Его будоражили воспоминания, рассказ перешел в бессвязный бред, и уже ничего нельзя было понять. Астемир о многом хотел бы расспросить его. Шутка сказать — «хох» стариков остановил битву! Такого не случалось даже во времена нартов…

Карим опять произнес волнующее слово «революция». Какая она на вид, эта революция? Что это за адвокат, который заменил в России царя? И что сталось дальше с джигитами под столичным городом Петроградом? Но Карима унесли на операцию. Его принесли в палату без ноги, еще не очнувшегося от действия наркоза. Пробуждался он шумно. И вдруг закричал:

— Ой, нога моя!

Все ждали, что Карим спросит, где его нога. Но Карима беспокоило другое.

— Ой, нога моя, куда ты несешь меня? — спрашивал он, стонал и повторял все громче: — Ой, нога моя, куда ты несешь меня, моя ноженька?

В палате всего нагляделись, но почему-то на этот раз стоны и вопли Карима начали раздражать известного Губачикова, который с нетерпением ожидал ужина. После случая с салом он взял на себя право снимать пробу, поклявшись честно предупреждать, если борщ будет сварен со свининой. Только после его проверки мусульмане брались за свои миски, а он ни одну не оставлял без своего внимания.

Губачиков ворчал: не один Карим, дескать, больной, все больные, каждый должен нести тяжесть, которую аллах возлагает на плечи мусульманина… Но Кариму, видно, трудно было нести эту тяжесть, он метался, кричал и стонал.

Совсем рассердившись, Губачиков брякнул:

— О какой ноге ты кричишь, когда у тебя нет больше ноги?
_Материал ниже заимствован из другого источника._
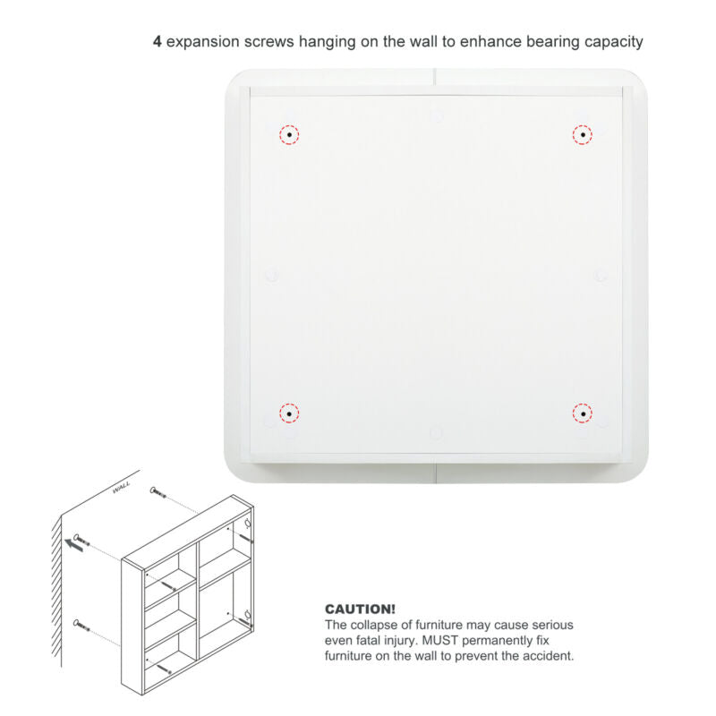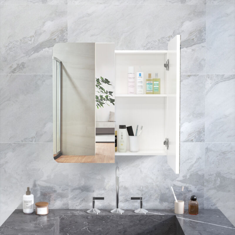 Wall Mounted Bathroom Cabinet Mirrored Double Door Storage Shelves 68Lx60H cm

Карим на мгновение замолк, прощупал то место, где должна была быть нога, к чему-то прислушался, откинул одеяло и крикнул не своим голосом:

— Где она?

Из-под кровати выглядывал сапог. Карим схватил его, прижал к себе и, раскачиваясь, запричитал:

— О аллах, зачем ты заколотил двери моего дома?! Зачем ударил меня так жестоко? Как я буду ходить за плугом, как мне сесть на коня? На одной ноге не дойти мне до своего счастья. О, где ты, моя ноженька, что унесла меня на войну, а принести с войны не захотела? О, зачем я не умер сразу! Зачем согласился подменить Газыза?..

Карим продолжал раскачиваться, прижимая сапог к груди. Не отдавая себе отчета в том, что он сейчас сделает или скажет, Астемир подошел к нему:

— Не плачь, — строго и внушительно произнес он. — Слышишь? Я говорю тебе: не плачь!

Несчастный затих.

Астемир продолжал:

— Бери костыль, иди в Шхальмивоко. Забери там свои ноги. Это на твоих ногах продолжает плясать бездельник Газыз. Небось и сейчас он пляшет кабардинку на чьей-нибудь свадьбе… А вы, — обратился Астемир к окружающим, которые на разные лады обсуждали несчастье Карима, — как смеете вы говорить, что здесь нет виноватого? Виновный есть. Это война. Она требует расправы.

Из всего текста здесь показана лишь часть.